→ Dataset extract
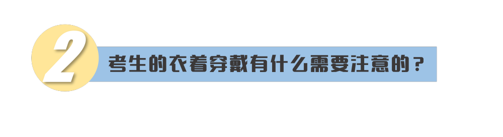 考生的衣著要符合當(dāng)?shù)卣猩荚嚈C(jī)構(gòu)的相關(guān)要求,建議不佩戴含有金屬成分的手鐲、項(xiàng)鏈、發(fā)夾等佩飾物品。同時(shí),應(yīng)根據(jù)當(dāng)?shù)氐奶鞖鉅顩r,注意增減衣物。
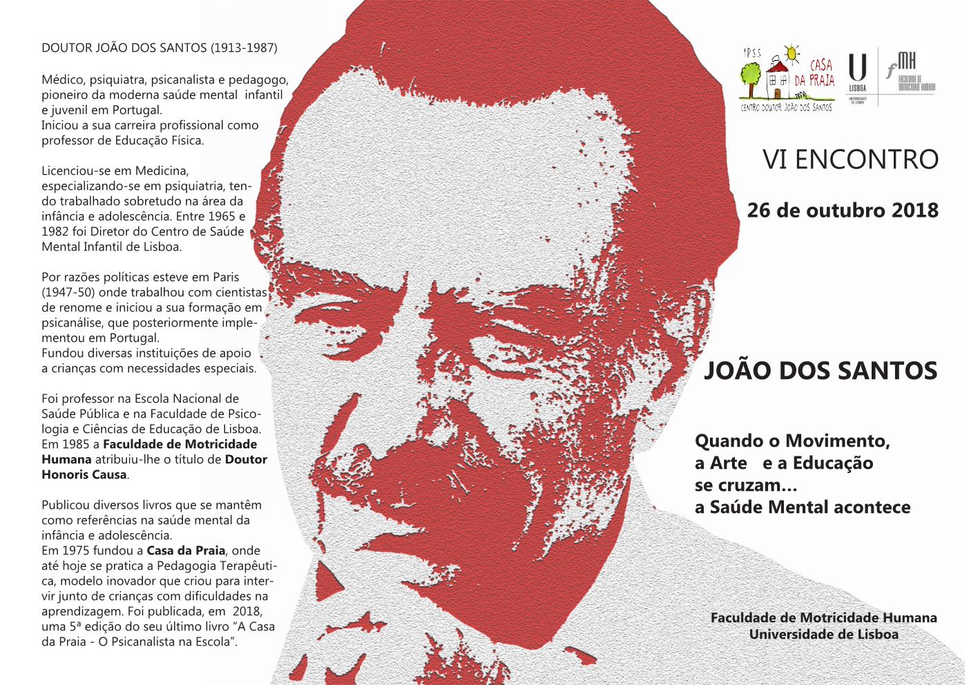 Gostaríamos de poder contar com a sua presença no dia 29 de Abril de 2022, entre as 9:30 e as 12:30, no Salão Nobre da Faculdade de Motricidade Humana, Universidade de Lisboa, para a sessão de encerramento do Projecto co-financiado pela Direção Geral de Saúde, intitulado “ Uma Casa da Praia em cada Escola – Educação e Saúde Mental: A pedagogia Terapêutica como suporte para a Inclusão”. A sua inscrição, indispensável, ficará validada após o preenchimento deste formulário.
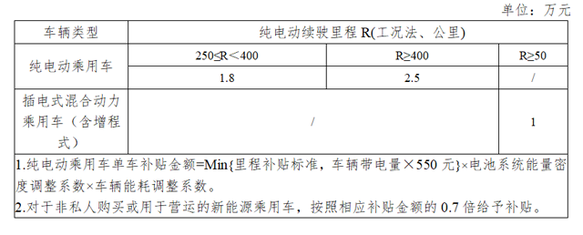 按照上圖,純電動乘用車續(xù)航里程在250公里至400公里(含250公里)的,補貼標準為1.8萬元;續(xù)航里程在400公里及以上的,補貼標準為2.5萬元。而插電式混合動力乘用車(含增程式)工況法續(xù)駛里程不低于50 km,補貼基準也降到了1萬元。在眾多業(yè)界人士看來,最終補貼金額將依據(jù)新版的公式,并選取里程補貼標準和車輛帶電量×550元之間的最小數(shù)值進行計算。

→ What is needed
Give back an exact copy of the material above, omitting the pictures.

→ Solution
 考生的衣著要符合當(dāng)?shù)卣猩荚嚈C(jī)構(gòu)的相關(guān)要求,建議不佩戴含有金屬成分的手鐲、項(xiàng)鏈、發(fā)夾等佩飾物品。同時(shí),應(yīng)根據(jù)當(dāng)?shù)氐奶鞖鉅顩r,注意增減衣物。
 Gostaríamos de poder contar com a sua presença no dia 29 de Abril de 2022, entre as 9:30 e as 12:30, no Salão Nobre da Faculdade de Motricidade Humana, Universidade de Lisboa, para a sessão de encerramento do Projecto co-financiado pela Direção Geral de Saúde, intitulado “ Uma Casa da Praia em cada Escola – Educação e Saúde Mental: A pedagogia Terapêutica como suporte para a Inclusão”. A sua inscrição, indispensável, ficará validada após o preenchimento deste formulário.
 按照上圖,純電動乘用車續(xù)航里程在250公里至400公里(含250公里)的,補貼標準為1.8萬元;續(xù)航里程在400公里及以上的,補貼標準為2.5萬元。而插電式混合動力乘用車(含增程式)工況法續(xù)駛里程不低于50 km,補貼基準也降到了1萬元。在眾多業(yè)界人士看來,最終補貼金額將依據(jù)新版的公式,并選取里程補貼標準和車輛帶電量×550元之間的最小數(shù)值進行計算。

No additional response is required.